Segment Open
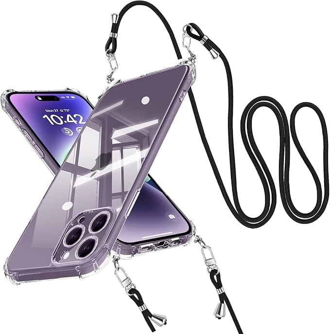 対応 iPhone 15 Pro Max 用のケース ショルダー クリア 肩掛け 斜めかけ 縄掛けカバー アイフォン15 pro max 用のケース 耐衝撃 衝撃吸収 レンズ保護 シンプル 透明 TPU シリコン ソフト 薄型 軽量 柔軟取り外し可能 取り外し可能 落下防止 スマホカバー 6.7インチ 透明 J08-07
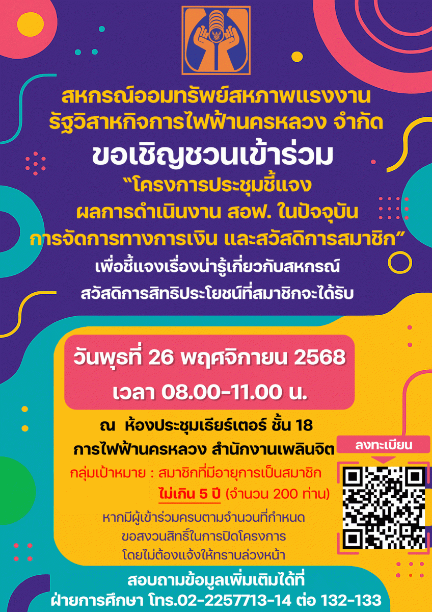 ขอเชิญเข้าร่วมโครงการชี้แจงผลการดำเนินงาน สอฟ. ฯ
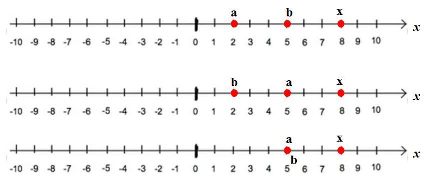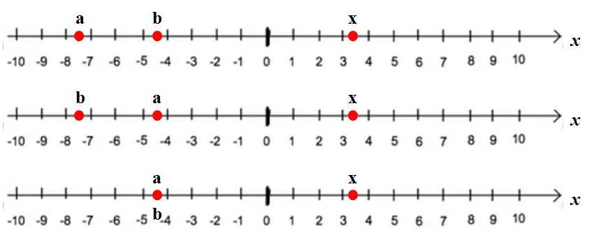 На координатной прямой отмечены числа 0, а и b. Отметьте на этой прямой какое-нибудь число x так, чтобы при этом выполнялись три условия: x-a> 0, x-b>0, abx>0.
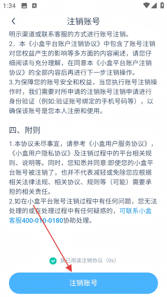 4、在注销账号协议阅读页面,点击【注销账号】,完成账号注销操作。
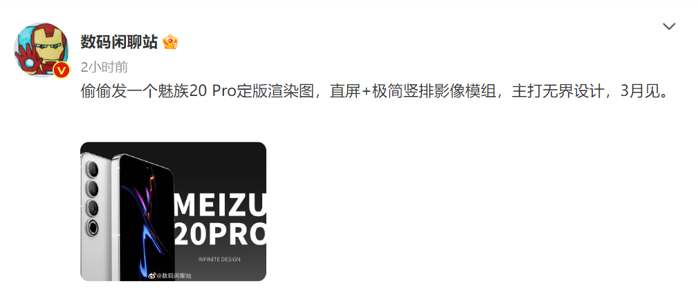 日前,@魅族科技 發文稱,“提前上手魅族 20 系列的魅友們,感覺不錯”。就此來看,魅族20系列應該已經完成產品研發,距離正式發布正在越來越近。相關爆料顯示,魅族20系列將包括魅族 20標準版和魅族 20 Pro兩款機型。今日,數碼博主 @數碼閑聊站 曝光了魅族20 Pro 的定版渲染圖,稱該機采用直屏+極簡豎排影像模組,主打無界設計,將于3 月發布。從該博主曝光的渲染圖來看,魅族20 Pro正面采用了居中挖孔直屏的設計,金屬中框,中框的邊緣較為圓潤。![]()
Segment Closed
Please copy the lines exactly, beginning at the one containing "ขอเชิญเข้าร่วมโครงการชี้แจงผลการดำเนินงาน สอฟ. ฯ" and ending at the last line of the records above, both included, with the pictures left out.

• _Response to the task_
 ขอเชิญเข้าร่วมโครงการชี้แจงผลการดำเนินงาน สอฟ. ฯ
 На координатной прямой отмечены числа 0, а и b. Отметьте на этой прямой какое-нибудь число x так, чтобы при этом выполнялись три условия: x-a> 0, x-b>0, abx>0.
 4、在注销账号协议阅读页面,点击【注销账号】,完成账号注销操作。
 日前,@魅族科技 發文稱,“提前上手魅族 20 系列的魅友們,感覺不錯”。就此來看,魅族20系列應該已經完成產品研發,距離正式發布正在越來越近。相關爆料顯示,魅族20系列將包括魅族 20標準版和魅族 20 Pro兩款機型。今日,數碼博主 @數碼閑聊站 曝光了魅族20 Pro 的定版渲染圖,稱該機采用直屏+極簡豎排影像模組,主打無界設計,將于3 月發布。從該博主曝光的渲染圖來看,魅族20 Pro正面采用了居中挖孔直屏的設計,金屬中框,中框的邊緣較為圓潤。![]()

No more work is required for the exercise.